About the National COVID Cohort Collaborative

Updates from N3C

National COVID Cohort Collaborative (N3C) Data Enclave

  • More than 5 million COVID-19-positive patients and more than 14 billion rows of data are included in this enclave. Apply for N3C access today.
  • The public-facing N3C Cohort Exploration Dashboard provides high-level information about the N3C cohort and N3C Data Enclave.
  • More than 300 projects are underway using the enclave data to examine associations between COVID-19 patient outcomes and social determinants of health. View the current list of publications.
  • The N3C Data Enclave has a library of more than 30 external data sets, including mortality, viral variance and environmental data, that can be linked to the clinical data.

 

The National COVID Cohort Collaborative (N3C) maintains one of the largest collections of clinical data related to COVID-19 symptoms and patient outcomes in the United States. With stewardship from NCATS, more than 70 institutions worked together to build this extensive database. Having access to a large, centralized data resource allows research teams to study COVID-19 and identify potential treatments as the pandemic evolves. Learn the facts about the N3C by downloading and sharing the N3C fact sheet (PDF - 382KB).

On this page:

What is the N3C?

The N3C is a partnership among many organizations to provide clinical data in close to real time to improve our knowledge of COVID-19 and potential treatment strategies.

The N3C effort is centered on the following:

  1. Establishing a secure data repository (the N3C Data Enclave) for studying COVID-19-related data.
  2. Receiving existing patient data derived from electronic health records (EHRs) provided by participating U.S. health care sites.
  3. Providing operational support for researchers using the N3C Data Enclave to navigate in the N3C platform and collaborate on COVID-19 research.
  4. Ensuring research using the N3C Data Enclave follows the rules and expectations of NCATS and its partners to keep the data secure and protect patient privacy.

Since September 2020, the N3C has made data accessible to more than 3,000 researchers and clinicians to study the progression of COVID-19, identify risk and protective factors, search for effective treatments, understand the long-term disease effects, and determine how best to care for those with the disease.

N3C partners include the following:

  • Health care providers that provide the data in the N3C, including NCATS Clinical and Translational Science Awards (CTSA) Program hubs and the institutions supported by the NIH National Institute of General Medical Sciences’ Institutional Development Award Networks for Clinical and Translational Research (IDeA-CTR).
  • The National Center for Data to Health (CD2H), which guides and governs the collaborative science environment within the N3C and also serves as the CTSA Program’s informatics coordinating center.
  • NCATS, which provides governance, oversight and the secure research platform — the N3C Data Enclave — to maintain and protect the data.
  • The scientific community and research leaders with data science and clinical expertise who harmonize data so that it can be studied together and compared across the nation.

Learn more about key partners:

How does the N3C improve public health?

Identifying the Public Health Need

Since the beginning of the pandemic, health care providers and researchers have worked diligently to understand the novel SARS-CoV-2 virus and the disease it causes, COVID-19. Our understanding of COVID-19 — its signs, symptoms and effective courses of treatment — at the start of the pandemic was very limited. As this disease spread rapidly through communities, cities and countries, many clinics and hospitals collected important patient health information. However, when data are collected at different institutions and in different formats, it is difficult to put them together in a way that helps researchers and doctors understand the characteristics of the disease.

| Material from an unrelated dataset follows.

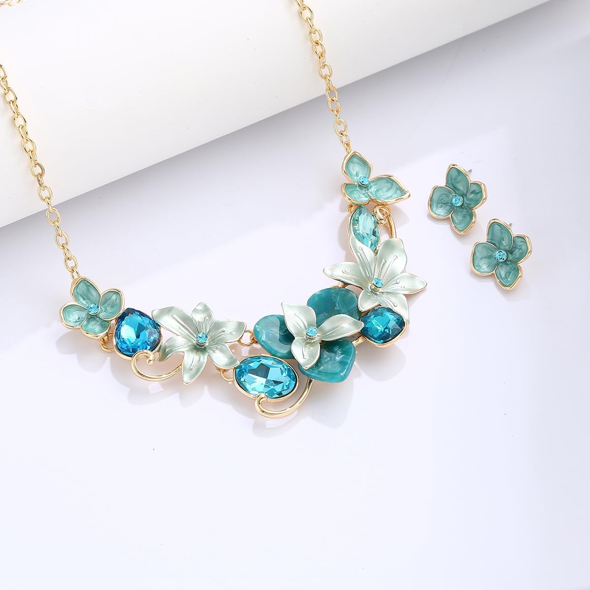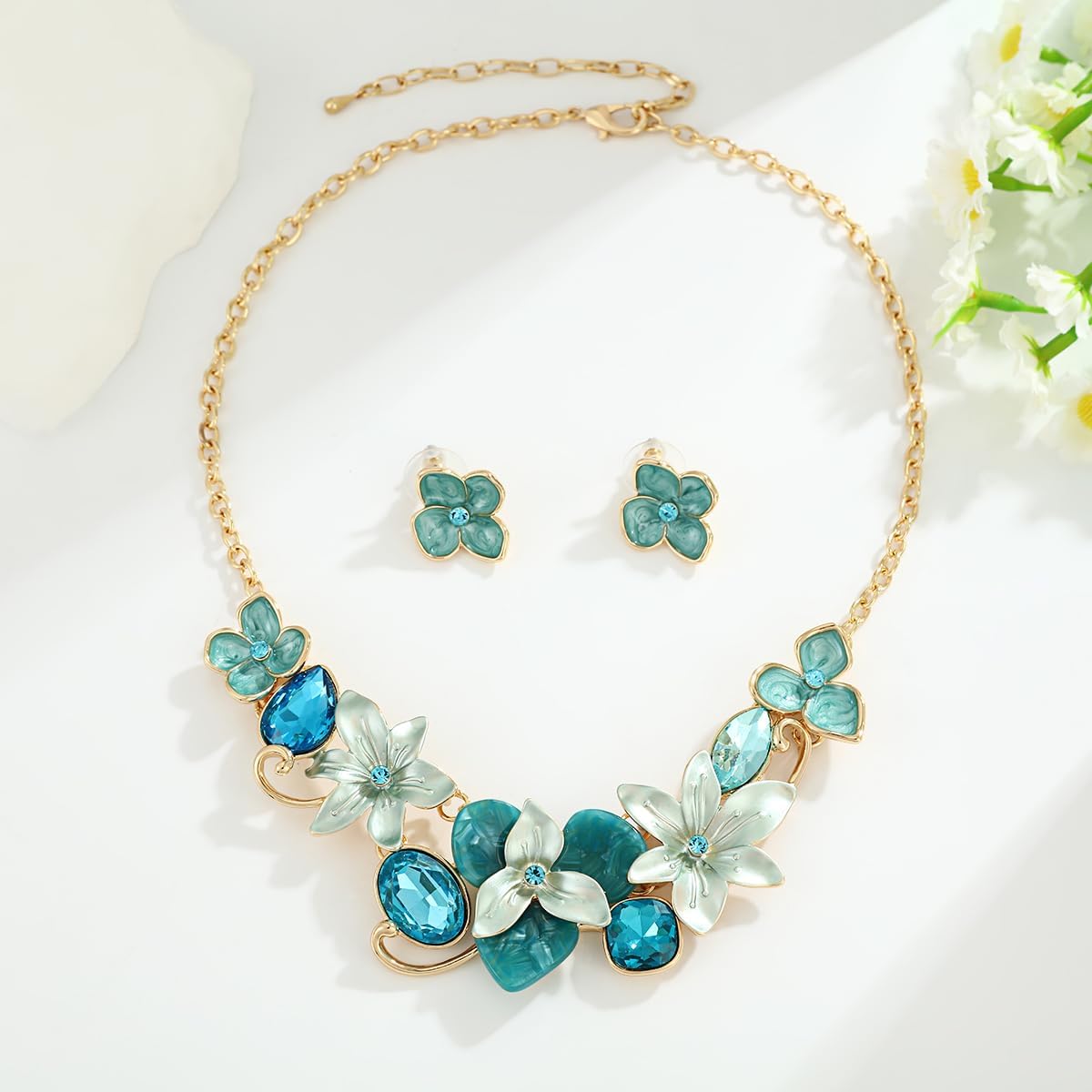 Vintage Chunky Statement Jewelry Set Retro Leaf Floral Geometric Bohemian Boho Bib Necklace Earring Set Fashion Costume Jewelry for Women Girls Wedding Party Prom Unique Gift

The medical and research communities urgently need large amounts of data to better understand COVID-19, including how it spreads, who is most at risk, which treatments help, and what the effects of the disease are, including long-term effects.

Making COVID-19 Data More Available for Research

In response to this urgent need, NCATS and its partners developed the N3C to collect existing EHR data from hospitals and clinics and to make these data available to researchers seeking to understand COVID-19.

The N3C receives patient information from more than 60 health care institutions across the country. NCATS harmonizes data from these institutions into a single format and makes them available for researchers and clinicians inside the N3C Data Enclave so they can study COVID-19 and potential treatments as the pandemic evolves. The N3C Data Enclave is a secure, cloud-based research environment with a powerful analytics platform provided by NCATS, which serves as the steward of N3C’s data. Data cannot be removed from the N3C Data Enclave.

Since the N3C Data Enclave opened to researchers in September 2020, researchers have used the data to improve our understanding of COVID-19 and health equity, diabetes, cancer, COVID-19 medications and chronic obstructive pulmonary disease. Researchers currently are studying HIV and COVID-19 risk, mortality rates in rural populations, long COVID and much more using the N3C Data Enclave.

Learn more:

What data does the N3C have and where does it come from?

The N3C's data come from existing patient records at participating institutions. The N3C receives data derived from EHRs of people who were tested for COVID-19 or who had related symptoms. EHRs include such information as age, sex, height and weight, medical history, lab results, health issues, medications, and treatments.

Participating partners and other collaborators provide data to the N3C after they execute a Data Transfer Agreement with NCATS. The N3C harmonizes the data and manages it in a way that maintains the data’s validity while protecting patient privacy.

Participating institutions do not obtain consent from individual patients for the data they send to the N3C. The 1996 Health Insurance Portability and Accountability Act (HIPAA) allows medical and health care institutions to release data for research without obtaining an individual’s authorization if direct identifying information is removed and appropriate oversight and agreements are in place.

Under the HIPAA Privacy Rule requirements, these institutions can release what is called a limited data set. This is what participating health sites send to the N3C.

The data set is “limited” because it leaves out 16 types of direct identifying information about the patient and their relatives, employers, or household members — such as names, account numbers, telephone numbers, email addresses and social security numbers. A limited data set may include city, state, ZIP code and elements of dates. The limited data set that the N3C receives includes ZIP codes and dates of service because these are critical for tracking the progress of the pandemic over time and place.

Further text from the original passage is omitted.